Ad esempio, invece di lasciare andare avanti una discussione, passare in un'altra stanza per farla raffreddare, distogliere l'attenzione della persona amata o mettere su della musica soft o la TV. Se si tratta di un disaccordo che si verifica regolarmente, pensare a come riaggiustare la routine o chiedere ad un altro familiare di sostituirci, Ha detto la Venegas.

La Venegas ricorda anche ai caregiver di non essere troppo duri con se stessi o di aspettarsi la perfezione istantanea. "Si possono imparare i modi per affrontare comportamenti problematici; non è qualcosa che si sa già semplicemente", ha detto. "Un gruppo di sostegno, di persona o on-line, è un ottimo modo per connettersi con altri che sono in una situazione simile, ottenendo comprensione, consigli e idee".

 

Trova un ascoltatore

Anche un orecchio comprensivo e compassionevole può fare miracoli per ripristinare l'umore e le prospettive.

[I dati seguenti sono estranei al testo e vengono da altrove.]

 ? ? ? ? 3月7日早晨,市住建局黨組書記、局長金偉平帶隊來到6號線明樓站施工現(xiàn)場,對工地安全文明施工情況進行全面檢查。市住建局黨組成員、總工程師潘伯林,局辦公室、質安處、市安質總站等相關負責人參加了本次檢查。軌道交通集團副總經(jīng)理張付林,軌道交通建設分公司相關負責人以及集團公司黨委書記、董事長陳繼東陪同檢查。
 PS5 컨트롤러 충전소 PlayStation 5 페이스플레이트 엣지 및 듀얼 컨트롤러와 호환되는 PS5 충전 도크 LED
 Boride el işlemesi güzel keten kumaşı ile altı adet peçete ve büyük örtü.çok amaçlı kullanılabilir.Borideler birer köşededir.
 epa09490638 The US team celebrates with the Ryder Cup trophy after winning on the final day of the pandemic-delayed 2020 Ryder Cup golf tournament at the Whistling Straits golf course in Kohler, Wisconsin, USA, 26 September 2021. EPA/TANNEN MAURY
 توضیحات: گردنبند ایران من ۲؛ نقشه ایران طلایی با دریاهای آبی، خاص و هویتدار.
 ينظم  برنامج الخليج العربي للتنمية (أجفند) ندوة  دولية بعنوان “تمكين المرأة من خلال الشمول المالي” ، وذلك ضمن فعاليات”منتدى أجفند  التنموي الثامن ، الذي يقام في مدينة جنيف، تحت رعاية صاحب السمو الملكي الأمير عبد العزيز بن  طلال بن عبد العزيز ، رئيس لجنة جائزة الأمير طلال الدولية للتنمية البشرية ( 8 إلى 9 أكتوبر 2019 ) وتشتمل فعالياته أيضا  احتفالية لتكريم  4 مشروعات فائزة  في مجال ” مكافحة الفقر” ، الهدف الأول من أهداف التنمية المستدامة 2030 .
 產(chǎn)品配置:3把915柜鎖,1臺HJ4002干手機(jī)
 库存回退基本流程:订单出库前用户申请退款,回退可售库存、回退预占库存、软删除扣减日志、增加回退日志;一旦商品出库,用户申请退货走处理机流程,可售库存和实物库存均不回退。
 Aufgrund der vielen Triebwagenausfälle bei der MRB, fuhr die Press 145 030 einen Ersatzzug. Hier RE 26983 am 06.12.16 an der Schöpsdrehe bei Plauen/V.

La Whiteman dice che si rivolge al marito (anch'egli ha a che fare con la madre convivente), così come agli amici, per trovare il supporto necessario. Ma l'ascoltatore comprensivo non deve necessariamente essere della varietà umana. "Ho due cani che sono una grande terapia. Li porto a camminare ogni giorno. Questo mi aiuta a ridurre lo stress e a vedere meglio le cose", ha detto la Whiteman.

 

Esplora un'attività alternativa

Anche dare alla mente un diversivo, pur se per breve tempo, può essere rigenerante. Riflettere su quali sono le attività che ci piacciono che abbiamo messo da parte nel caos. Allenare una squadra giovanile? Cucinare il pane? Ascoltare musica classica? Provare a infondere di nuovo qualche elemento di questo interesse nella vita.

"Anche piccole pause in casa possono aiutare; meditare, guardare un programma preferito o leggere un libro", ha detto la Khatkhate.

Quando collaborava al caregiving dei genitori, Rick Lauber, di Alberta in Canada, ha scoperto che la scrittura era una pausa eccellente, qualcosa che poteva inserirsi nel tempo a disposizione. "Scrivere i miei pensieri e sentimenti mi ha dato un mezzo per liberare rabbia e frustrazione, e ho potuto condividere quello che avevo scritto con gli altri o tenerlo per me", ha osservato.

Lauber ha continuato a scrivere anche dopo che i suoi genitori sono scomparsi, ed ha continuato a pubblicare i suoi racconti e libri, tra cui The Successful Caregiver’s Guide.

 

******

Vedere la persona amata lottare con la malattia è difficile, e le sfide comportamentali che accompagnano la demenza non fanno che aggiungersi alle emozioni della situazione. Ma costruirsi una propria comprensione, provare diversi metodi per convivere e prendersi del tempo per se stessi sono i migliori modi per salvaguardare il benessere e dare il meglio alla persona amata.

 

 

 


Fonte: Debbie Swanson in NextAvenue.com (> English text) - Traduzione di Franco Pellizzari.